LOM: 'Jews are a culture'?

No.

There are many Jewish communities and viewpoints in the UK (something Jonathan Friedland refuses to acknowledge) - not a single one, and of course many cultural differences amongst those communities. How can there be a single culture across secular, religious, orthodox, reform, socialist, conservative, mixed relationships, closed relationships.... and on and on.

The old Jewish saying about putting two Jewish people in a room together and coming out with three opinions!

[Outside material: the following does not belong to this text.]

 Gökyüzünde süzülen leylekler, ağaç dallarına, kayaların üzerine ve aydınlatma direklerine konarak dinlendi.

I get the impression from your many comments on the subject that you have not read the EHRC report. You have clearly read a selection of commentaries - almost all distorting the report findings in one way or another - but it might be worth your time reading the original. I have read it twice - and it is clearly a critical document with a number of key recommendations for Labour (some of which Starmer and his media allies are happy to ignore - like LOTO 'political interference'). But it could certainly have been 'more damning' - and some of the criticism was levelled at the treatment of people accused of 'anti-semitism' (which often turned out to be code for support for Palestinian rights and anti-Zionism).

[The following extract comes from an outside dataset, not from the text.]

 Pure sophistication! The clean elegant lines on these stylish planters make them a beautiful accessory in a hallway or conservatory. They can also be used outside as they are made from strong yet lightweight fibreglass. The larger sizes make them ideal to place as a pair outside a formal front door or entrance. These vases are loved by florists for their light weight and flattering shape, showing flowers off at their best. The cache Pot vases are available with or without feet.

Labour fence-sitting on Brexit was electoral suicide - I agree with you about that. But 'fence sitting' is not a culture. Labour may have been caught between what you have previously described as a 'red wall' culture and a 'London/metropolitan' culture and translated that into an incoherent Brexit policy - but your use of the word culture to describe that process is baffling. Corbyn was not strong enough in his personality, willingness to challenge his opponents, or in the PLP arithmetic, to position Labour in a more sensible place and must take responsibility for that. Brexit killed Labour in 2019. The anti-semitism crisis (with some real cases, but in my opinion mostly manufactured for political reasons - and that includes your favourite right-wing Labour MPs and The Guardian) didn't help and may have contributed a bit to the result, but Brexit was the biggy.